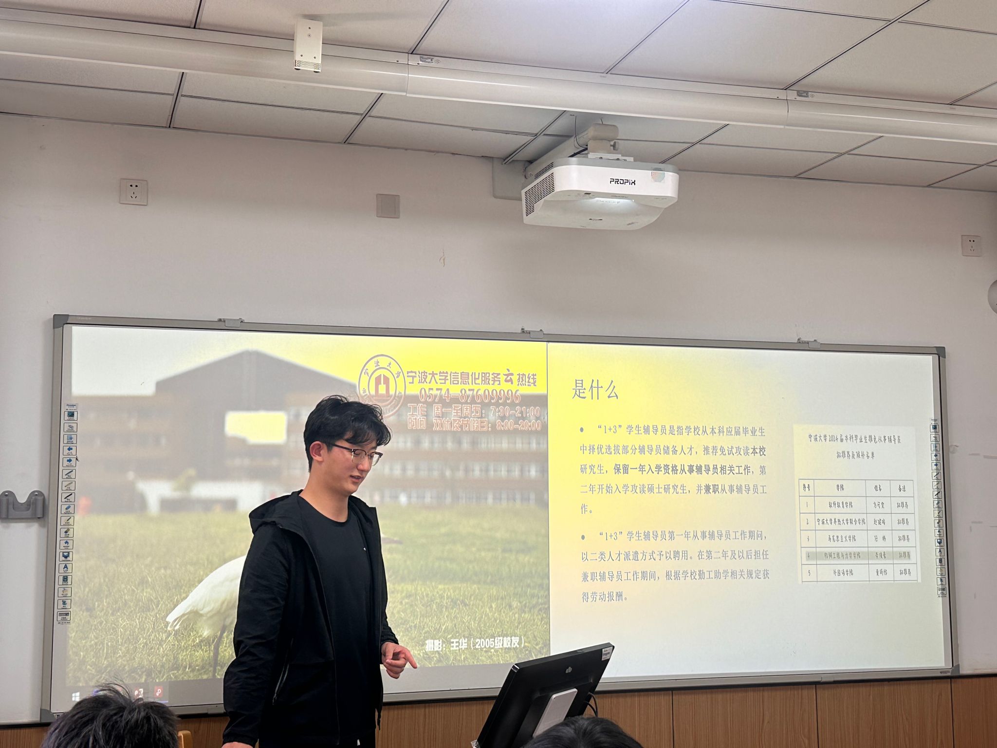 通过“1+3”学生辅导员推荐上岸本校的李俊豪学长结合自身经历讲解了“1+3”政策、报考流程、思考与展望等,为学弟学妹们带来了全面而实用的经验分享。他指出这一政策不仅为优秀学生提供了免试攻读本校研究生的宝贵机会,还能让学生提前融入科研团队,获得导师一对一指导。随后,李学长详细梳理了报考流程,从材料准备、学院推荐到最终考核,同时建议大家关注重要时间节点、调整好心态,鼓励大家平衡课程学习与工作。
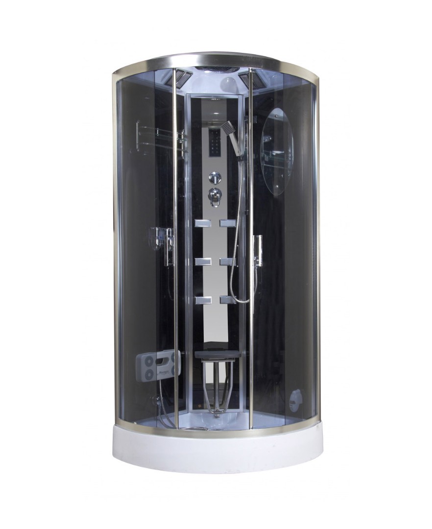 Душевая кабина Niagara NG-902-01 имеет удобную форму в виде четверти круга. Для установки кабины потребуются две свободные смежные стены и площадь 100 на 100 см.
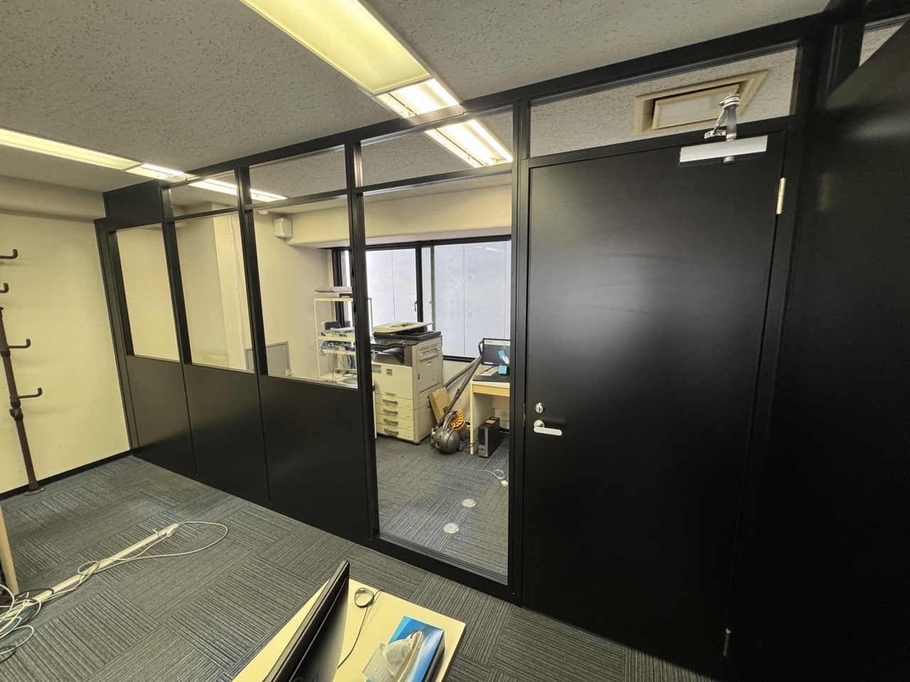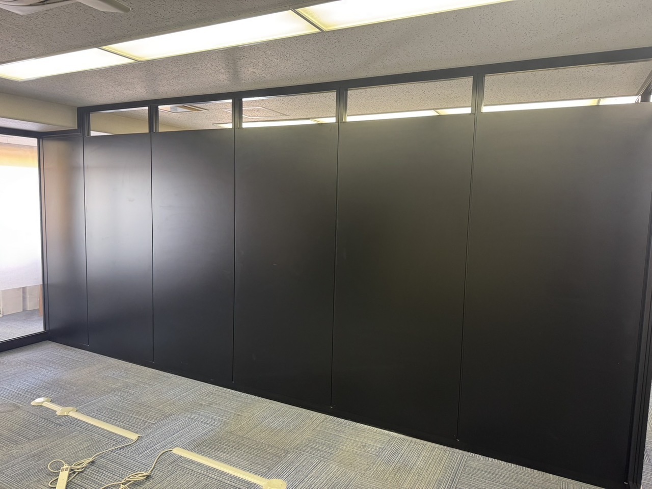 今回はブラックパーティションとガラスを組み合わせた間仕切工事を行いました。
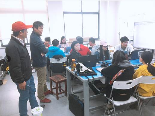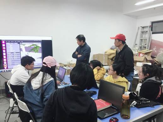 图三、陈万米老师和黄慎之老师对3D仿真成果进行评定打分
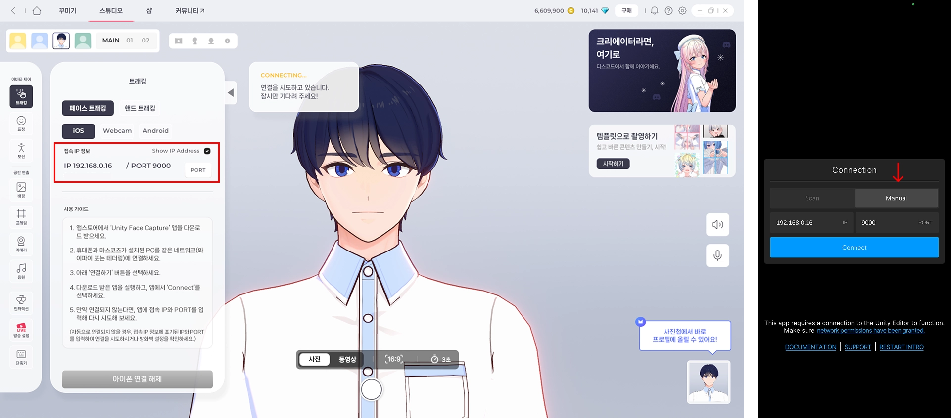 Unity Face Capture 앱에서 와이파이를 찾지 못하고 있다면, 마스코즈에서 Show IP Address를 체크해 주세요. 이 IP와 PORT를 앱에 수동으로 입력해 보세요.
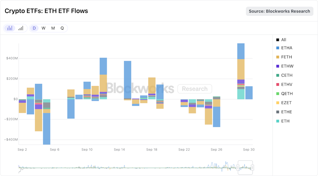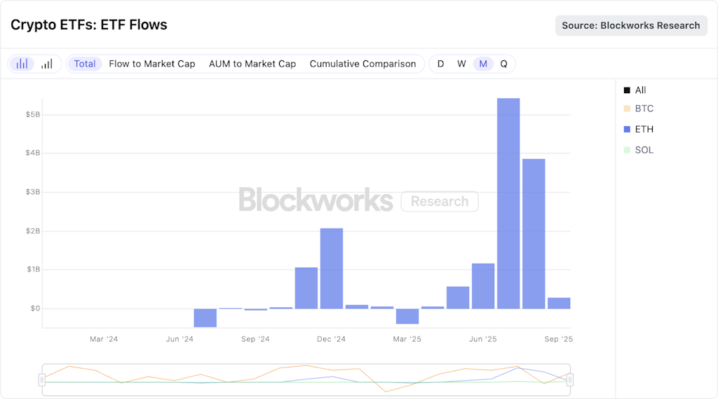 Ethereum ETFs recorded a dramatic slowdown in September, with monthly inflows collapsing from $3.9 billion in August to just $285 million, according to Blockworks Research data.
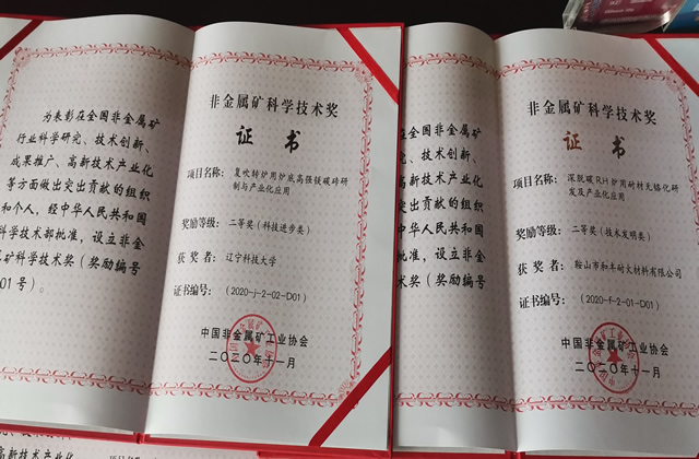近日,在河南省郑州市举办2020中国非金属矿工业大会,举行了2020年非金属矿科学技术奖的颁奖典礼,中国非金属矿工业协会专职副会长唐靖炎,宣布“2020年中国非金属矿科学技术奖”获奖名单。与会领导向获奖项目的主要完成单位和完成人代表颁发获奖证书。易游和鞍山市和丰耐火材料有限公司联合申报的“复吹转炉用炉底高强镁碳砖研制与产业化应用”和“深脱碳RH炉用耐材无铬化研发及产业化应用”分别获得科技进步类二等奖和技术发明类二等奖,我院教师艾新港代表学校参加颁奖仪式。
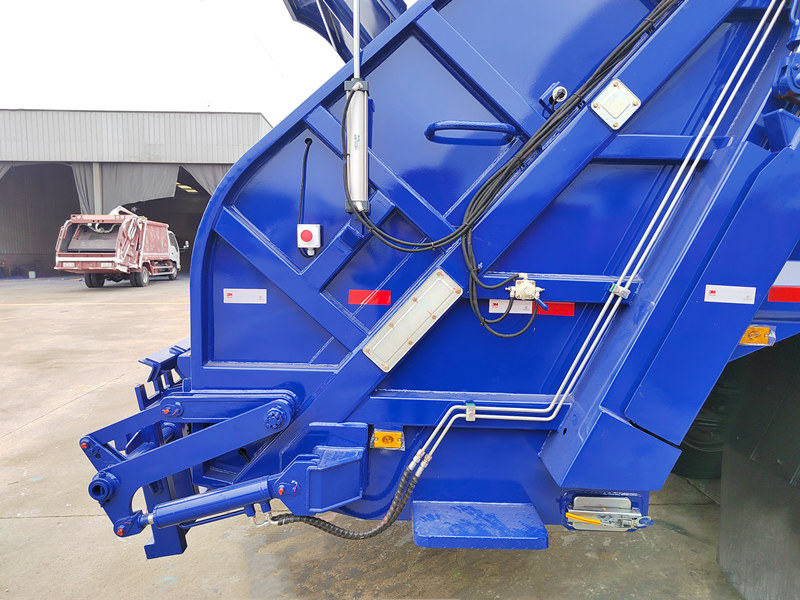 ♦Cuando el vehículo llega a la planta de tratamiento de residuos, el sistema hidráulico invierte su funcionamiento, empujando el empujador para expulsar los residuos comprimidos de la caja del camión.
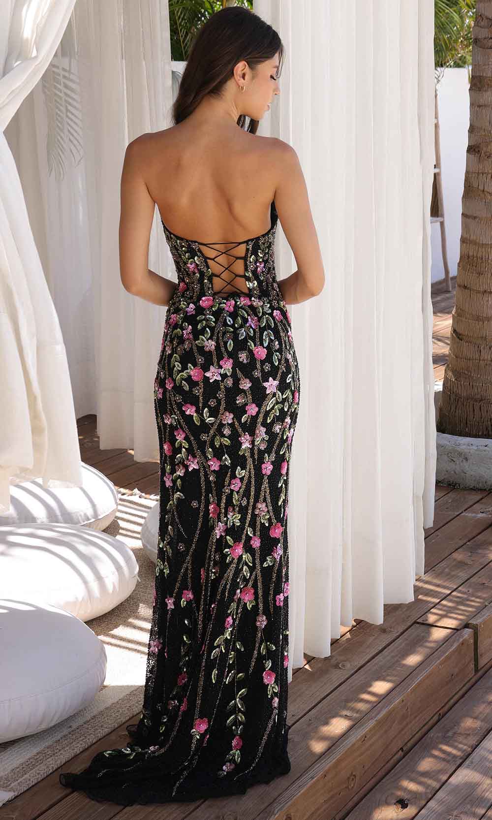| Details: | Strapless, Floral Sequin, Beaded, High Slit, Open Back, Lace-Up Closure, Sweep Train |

◇ ◇ ◇ ◇

■ TASK BRIEF: Pictures are to be omitted from the copy. Reproduce exactly, and only, the lines from the one containing "Unity Face Capture" to the end of the listing above.

■ COMPLETED EXERCISE:
 Unity Face Capture 앱에서 와이파이를 찾지 못하고 있다면, 마스코즈에서 Show IP Address를 체크해 주세요. 이 IP와 PORT를 앱에 수동으로 입력해 보세요.
 Ethereum ETFs recorded a dramatic slowdown in September, with monthly inflows collapsing from $3.9 billion in August to just $285 million, according to Blockworks Research data.
近日,在河南省郑州市举办2020中国非金属矿工业大会,举行了2020年非金属矿科学技术奖的颁奖典礼,中国非金属矿工业协会专职副会长唐靖炎,宣布“2020年中国非金属矿科学技术奖”获奖名单。与会领导向获奖项目的主要完成单位和完成人代表颁发获奖证书。易游和鞍山市和丰耐火材料有限公司联合申报的“复吹转炉用炉底高强镁碳砖研制与产业化应用”和“深脱碳RH炉用耐材无铬化研发及产业化应用”分别获得科技进步类二等奖和技术发明类二等奖,我院教师艾新港代表学校参加颁奖仪式。
 ♦Cuando el vehículo llega a la planta de tratamiento de residuos, el sistema hidráulico invierte su funcionamiento, empujando el empujador para expulsar los residuos comprimidos de la caja del camión.
| Details: | Strapless, Floral Sequin, Beaded, High Slit, Open Back, Lace-Up Closure, Sweep Train |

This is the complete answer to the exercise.